Law student Dean Balaes, BA’15, sees the project as an opportunity to serve. Balaes, who receives the Keith-Glasgow Scholarship Fund in Law and the John and Susan Gorman Scholarship, says, “Everyone has exceptional needs. It is the job of lawyers and medical practitioners to listen and serve those individual needs. Otherwise, we risk being a source of harm rather than a source of aid.”
“Individuals should not feel that their concerns will be dismissed,” he continued. “The medical and legal partnership is a promising opportunity to fulfill this sense of service.”
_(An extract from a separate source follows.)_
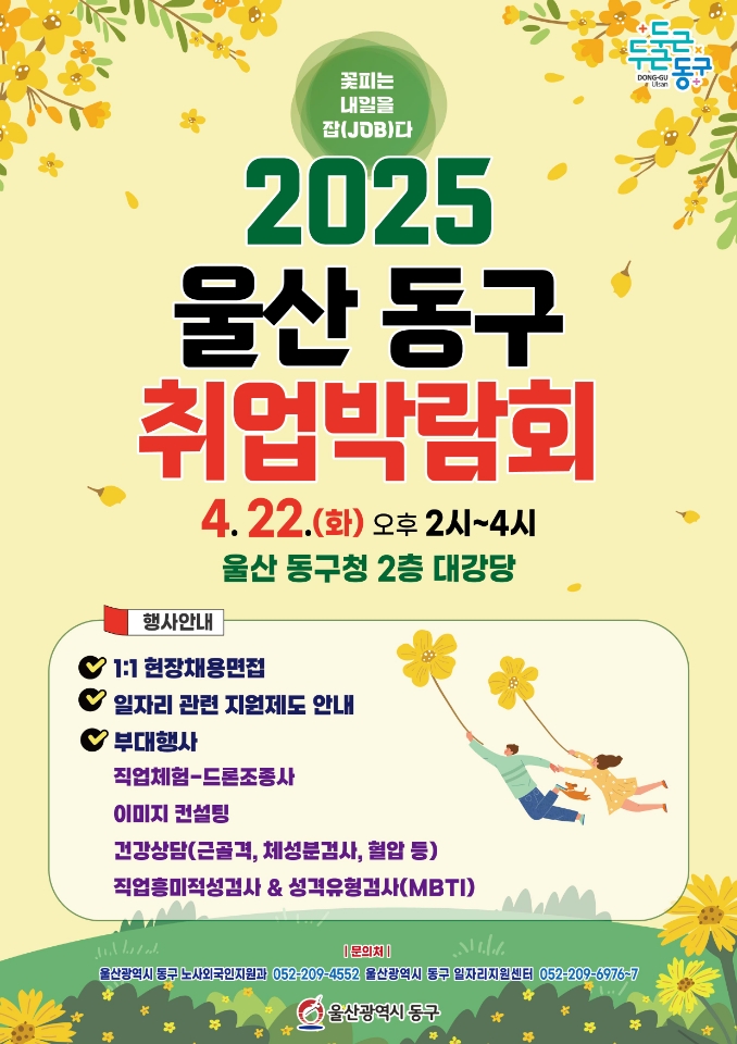 "꽃피는 내일을 잡(JOB)다" 2025 울산 동구 취업박람회" 구직자에게 일자리와 취업 정보를 제공하고구인업체에 우수인재 채용의 기회를 마련하고자취업박람회를 개최합니다

The project’s core audience is older adults for whom obtaining legal assistance in creating documentation would be a financial hardship. During the planning stage for the project, adult primary care clients at the Vanderbilt Senior Care Clinic were screened to assess eligibility. Those who met the program’s criteria were sent informational letters explaining that the students would be available to talk with them at the patients’ next clinic appointments.
Patient response
Powers said that the clinic has both produced and increased awareness of advance directives in his patients. “We have seen a doubling of the prevalence of discussions regarding advance care planning among clinic patients,” he said.
Plummer considers the program an aspect of nursing’s holistic model of care. “Health is not just about diagnosing and treating disease, but also recognizing and addressing the patient’s other social/environmental needs,” she said. As an adult-geriatric nurse practitioner who has worked with older adults across various health care settings, Plummer said she has seen many cases where patients’ health has been affected by legal needs that they couldn’t afford to address. She has also seen firsthand the challenges that occur when patients at end of life have not shared their wishes or set powers of attorney in place.
McGowan, who is studying to be a women’s health and adult-geriatric primary care nurse practitioner, said she intends to have conversations about the importance of advance directives and power of attorney with all of her patients in the future. “I hope one day an advance directive becomes standard for every individual and that people feel empowered making decisions for their own end-of-life care before that time comes,” she said.
This project was supported by Nashville’s West End Home Foundation, whose mission is to enrich the lives of older adults through grantmaking, advocacy and community collaboration.